And so this is still a live promise. It wasn’t canceled at the time of Joshua; otherwise, God wouldn’t keep renewing the appointment for “today.” The promise of “arrival” and “rest” is still there for God’s people. God himself is at rest. And at the end of the journey we’ll surely rest with God. So let’s keep at it and eventually arrive at the place of rest, not drop out through some sort of disobedience.  (Hebrews 4:8-11 The Message)

It is interesting how God moves in unexpected ways.  I went to Exploration to encourage others and to be a part of that discernment process through sharing my experiences and thoughts.  I went expecting to help others (which I hope I did), but in the end I left with a renewed sense of my own call.

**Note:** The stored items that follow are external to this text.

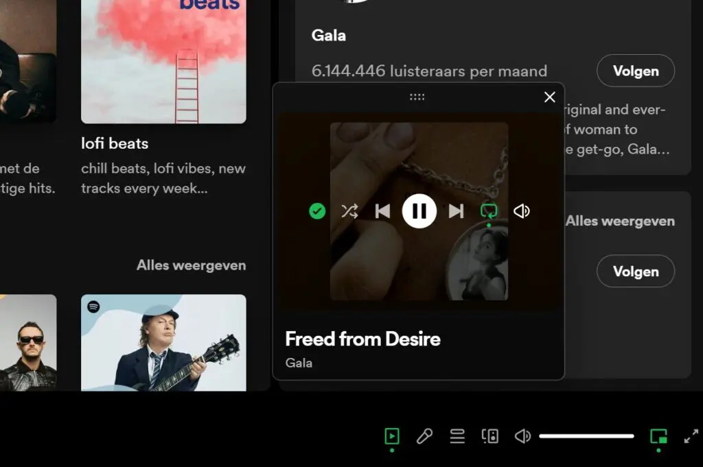 Gebruikers van Spotify op desktop waren al langer vragende partij voor een minispeler. Het grotere bedieningspaneel uit Windows 10 dat als overlay verscheen, heeft in Windows 11 plaatsgemaakt voor een mager volumebalkje, centraal onderaan. Met de nieuwe Minispeler van Spotify kan je het volume bedienen, een track vooruit- of terugspringen en zelfs een andere playlist kiezen.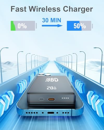 BBD Magsafe Portable Charger,10000mAh Magnetic Power Bank Fast Charging PD 20w with USB C Cable,Slim Magsafe Battery Pack Travel Essential,Wireless Power Bank for iphone 17/16/15/14/13/12 Series 1Pack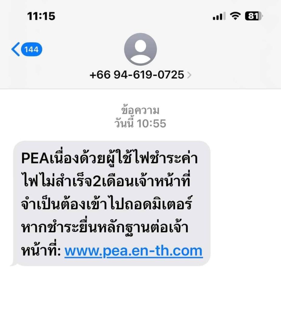 หากได้รับข้อความลักษณะนี้อย่าแตะลิ้งค์ หรือดาวน์โหลด หรือกรอกข้อมูลใดๆครับ เพื่อความปลอดภัยจากมิจฉาชีพทางออนไลน์ครับ หากมีข้อสงสัยเกี่ยวกับการใช้บริการไฟฟ้าหรือการค้างชำระค่าไฟฟ้าให้ติดต่อที่สำนักงานการไฟฟ้าใกล้บ้านท่านครับ ด้วยความห่วงใยจากสถานีตำรวจภูธรสว่างอารมณ์
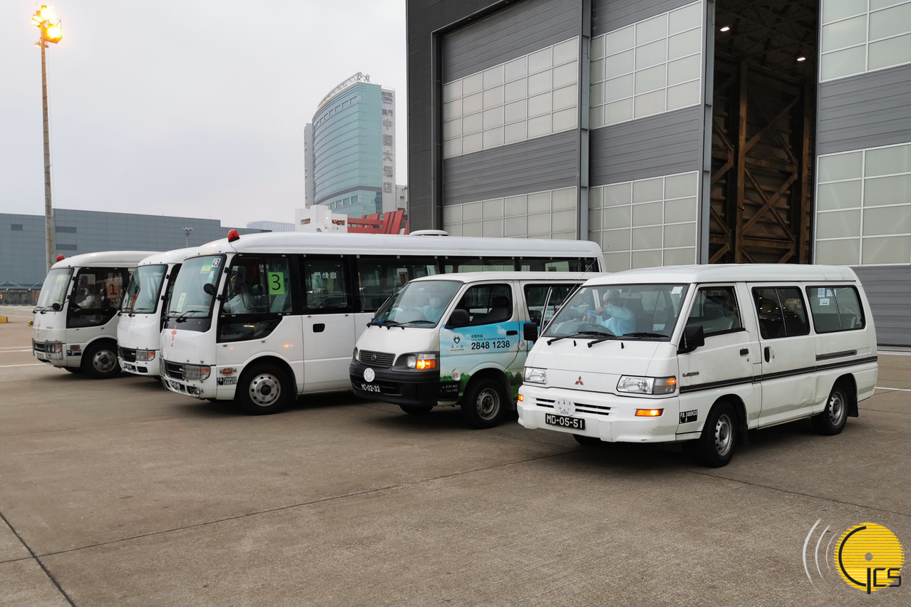 • Veículos já preparados no aeroporto para o transporte dos residentes que regressaram de Hubei.

Its hard to describe, but I feel like I have been wandering in my own little desert like the Israelites did between Egypt and the promised land.  Like the Israelites longing to go back to Egypt, I have been playing with thoughts of longing to go back to the days of simple labor like I had at BH Electronics as an inventory control clerk.  I have been struggling to see the promised land, to see that God is still on this journey and has given us a “live promise.”  Just like Israel, I couldn’t see the possibilities in the promised land, I was only caught up in the day to day life of ministry and not able to see the future.

It is hard to say this, but I felt like I was going to Exploration following a path like Moses, unable to enter the promised land but able to see it and to pass on the leadership to Joshua.  However, God sometimes has different plans.  I went seeing an end but God meant it for a beginning.  Shalom Agtarap shared an insight that captures it well in her message on Sunday morning when she asked, “Have you ever mistaken the beginning of something with the end?”

Seeing all of these fellow young adults (6-13 years younger than me….man I am getting old) excited about God and wrestling with their call reminded me the future is bright when it is in God’s hands.  God is with us on this journey but so often it is easy to forget that and to only think about and focus on our “misery” from day to day.  The truth is that leading the church in the midst of this paradigm shift (see Bob Farr Renovate or Die) is not going to be easy and many people really cannot see what the “promised land” looks like and so they will long for the way things were back in “Egypt.”  It isn’t going to be easy, but after spending this 48 hours with fellow young clergy, and other young Christians hearing God’s call and responding, I am assured that this is where God has called me.

God has called me to this difficult but amazing work and I am assured that God is with me.  These are my final reflections on Exploration, but I do not think these reflections are just for me.  My hope is that those who read this might see the possibilities of how God can move in unexpected ways if we listen for the “whisper” for as Adam Hamilton shared on Friday night, “God hardly ever shouts…God whispers.”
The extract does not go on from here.